(Exercise requirements) Starting at the line below that contains "Sacola de tote" and ending at the line that contains "用于煙氣管道的濾網清洗替換設備實用新型專利", retype each line exactly as it stands, but omit the pictures.

(Data records)
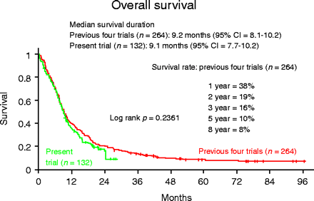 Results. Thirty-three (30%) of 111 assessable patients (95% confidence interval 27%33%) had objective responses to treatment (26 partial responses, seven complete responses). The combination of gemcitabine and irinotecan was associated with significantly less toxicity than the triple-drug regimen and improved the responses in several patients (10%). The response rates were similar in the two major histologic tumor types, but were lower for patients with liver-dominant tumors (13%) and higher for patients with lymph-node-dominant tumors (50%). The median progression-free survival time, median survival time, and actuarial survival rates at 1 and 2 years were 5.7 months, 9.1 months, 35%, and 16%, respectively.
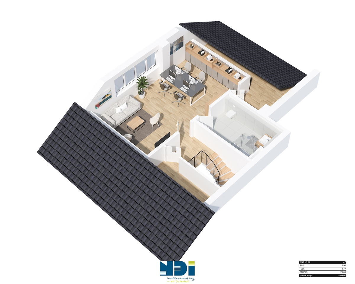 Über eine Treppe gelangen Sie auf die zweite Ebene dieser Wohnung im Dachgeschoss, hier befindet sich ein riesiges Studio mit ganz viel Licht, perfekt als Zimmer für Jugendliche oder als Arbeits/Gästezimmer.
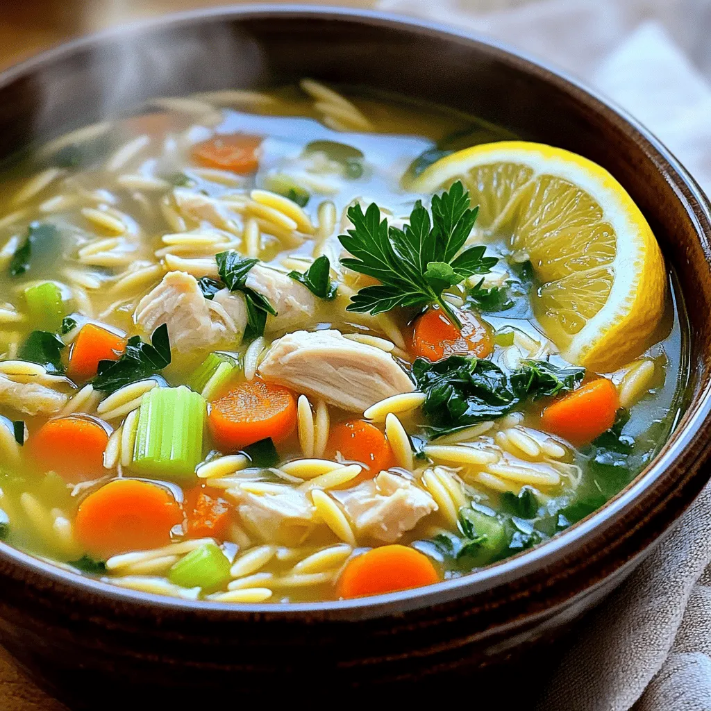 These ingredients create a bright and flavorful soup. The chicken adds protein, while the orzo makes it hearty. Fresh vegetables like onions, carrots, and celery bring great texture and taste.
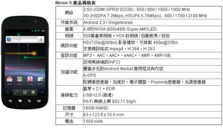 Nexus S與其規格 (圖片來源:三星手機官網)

--

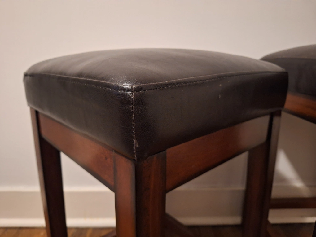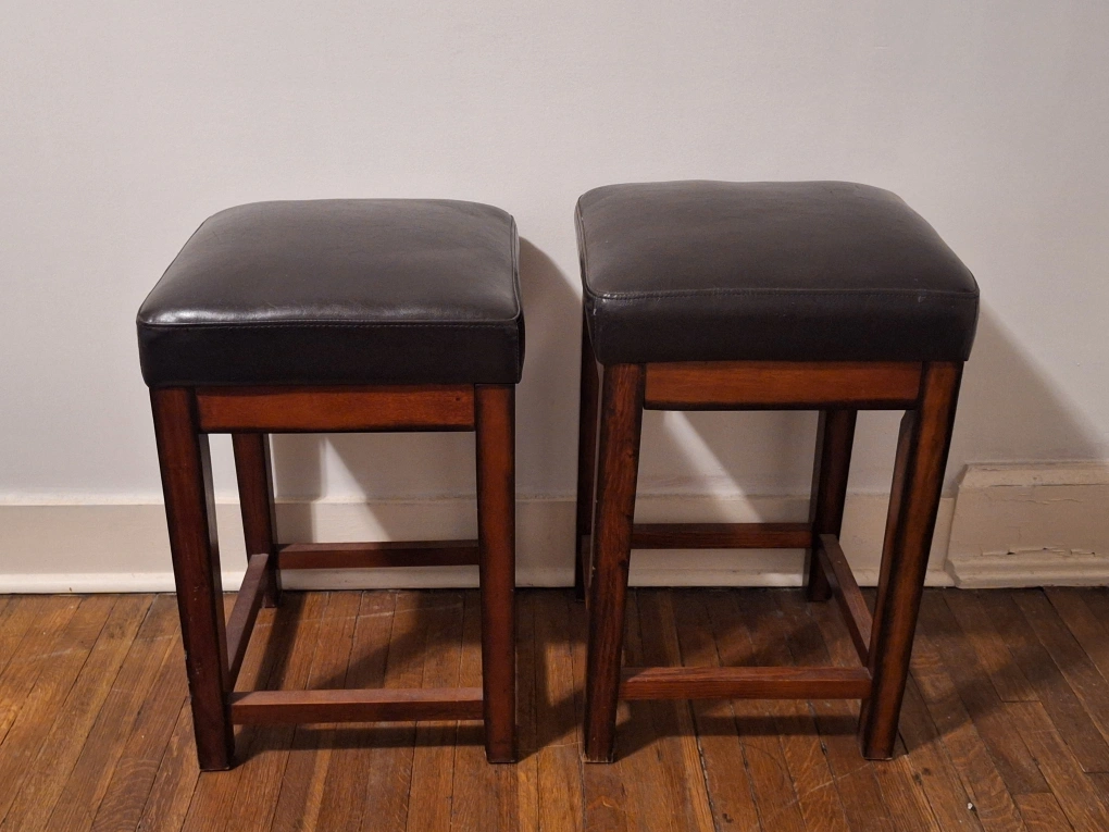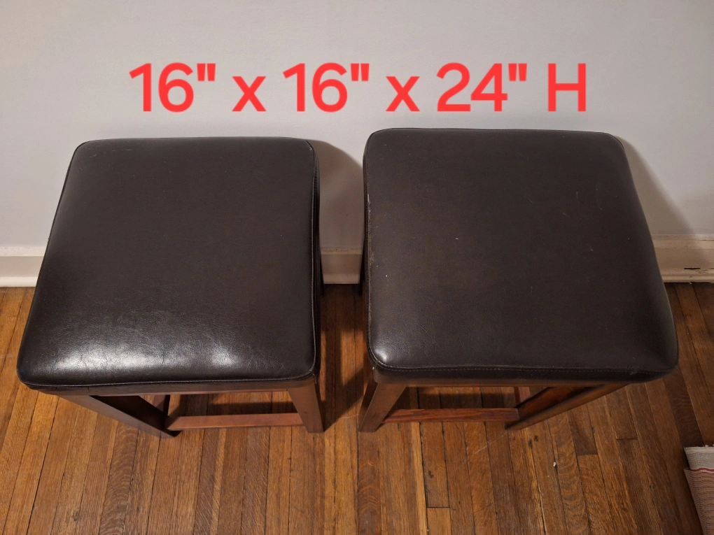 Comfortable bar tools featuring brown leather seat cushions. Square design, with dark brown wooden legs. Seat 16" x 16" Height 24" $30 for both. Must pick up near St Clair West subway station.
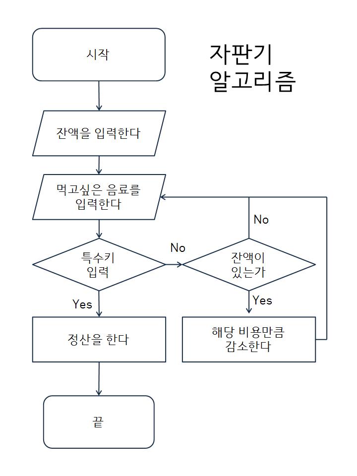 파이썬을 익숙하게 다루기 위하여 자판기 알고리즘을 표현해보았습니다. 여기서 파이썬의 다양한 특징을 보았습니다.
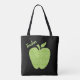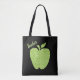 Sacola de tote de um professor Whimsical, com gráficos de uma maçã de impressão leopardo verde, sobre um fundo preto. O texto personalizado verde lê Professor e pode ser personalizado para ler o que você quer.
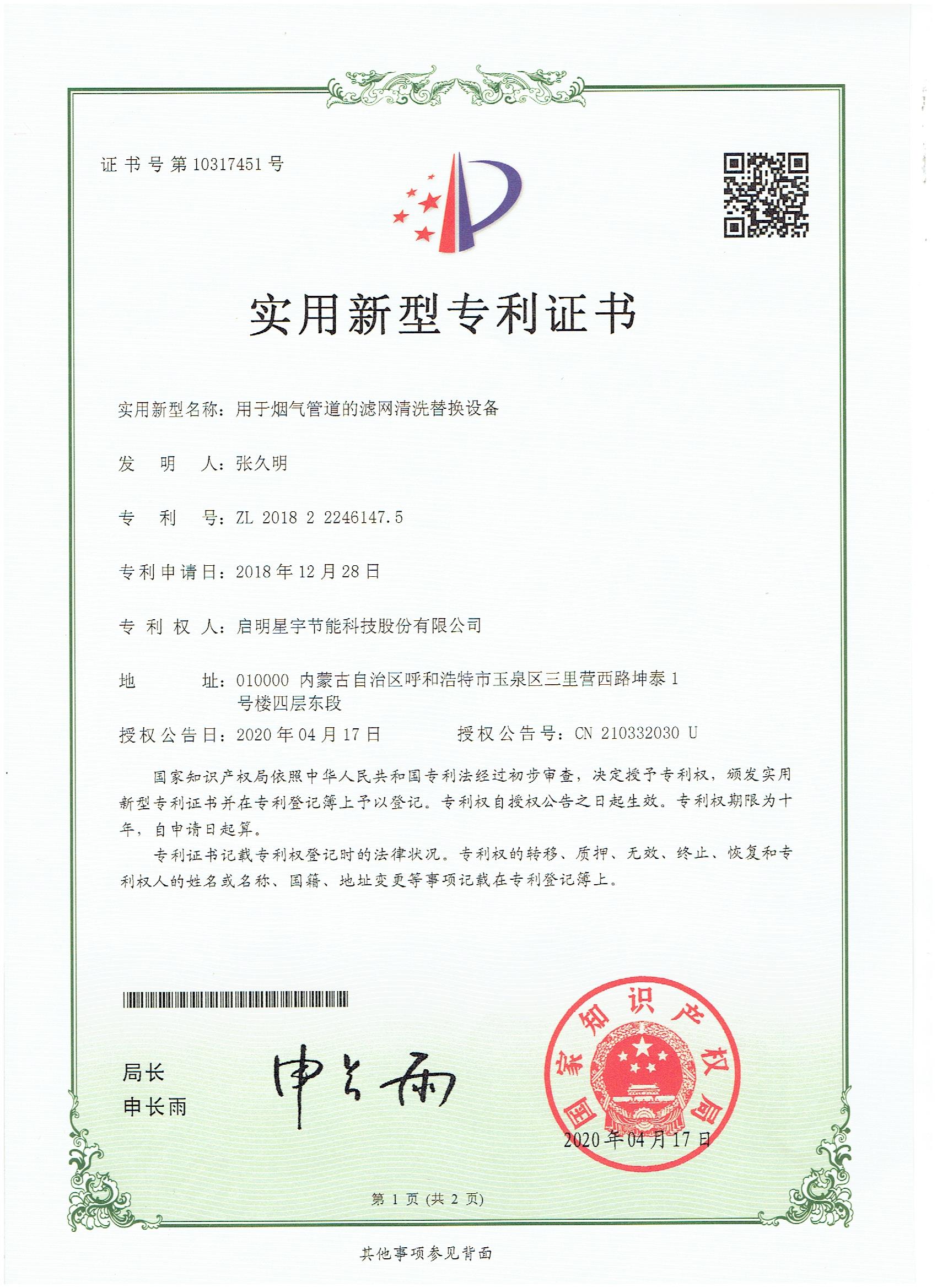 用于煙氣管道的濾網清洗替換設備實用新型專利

* * *

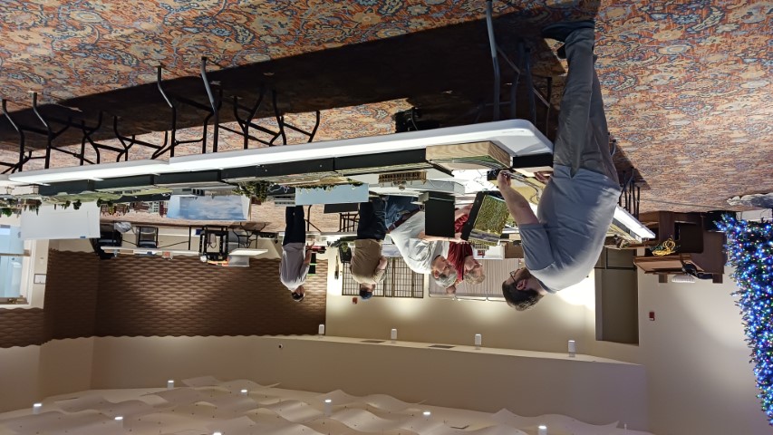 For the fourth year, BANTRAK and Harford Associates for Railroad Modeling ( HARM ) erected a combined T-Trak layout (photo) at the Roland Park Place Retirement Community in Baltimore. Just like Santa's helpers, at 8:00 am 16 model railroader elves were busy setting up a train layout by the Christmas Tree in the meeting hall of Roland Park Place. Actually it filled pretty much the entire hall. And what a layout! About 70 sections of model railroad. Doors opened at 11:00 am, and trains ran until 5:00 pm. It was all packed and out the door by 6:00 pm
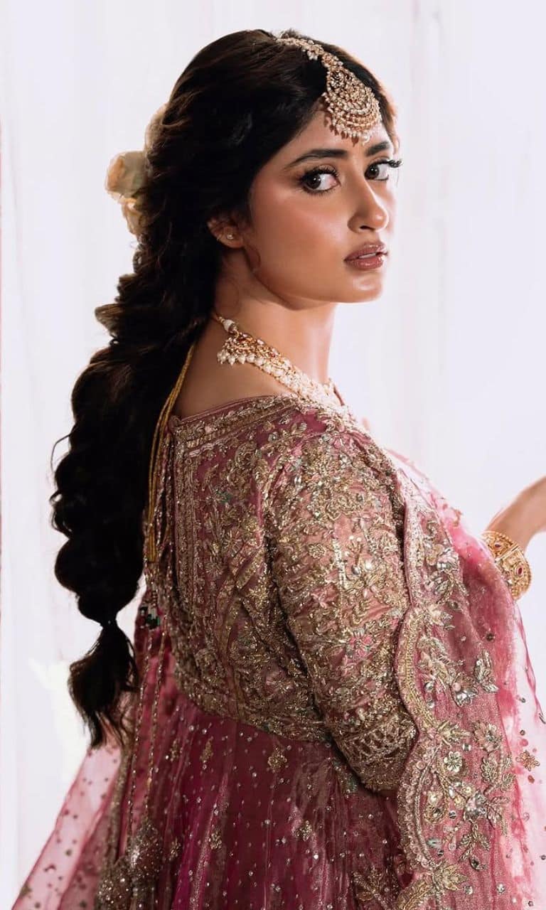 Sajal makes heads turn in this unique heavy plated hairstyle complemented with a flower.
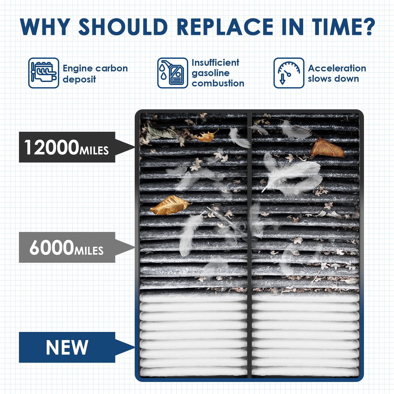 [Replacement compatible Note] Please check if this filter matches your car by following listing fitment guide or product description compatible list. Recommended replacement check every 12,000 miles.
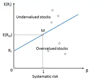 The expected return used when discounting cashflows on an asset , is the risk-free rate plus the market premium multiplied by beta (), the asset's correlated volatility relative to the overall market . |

(Answer)
 Sacola de tote de um professor Whimsical, com gráficos de uma maçã de impressão leopardo verde, sobre um fundo preto. O texto personalizado verde lê Professor e pode ser personalizado para ler o que você quer.
 用于煙氣管道的濾網清洗替換設備實用新型專利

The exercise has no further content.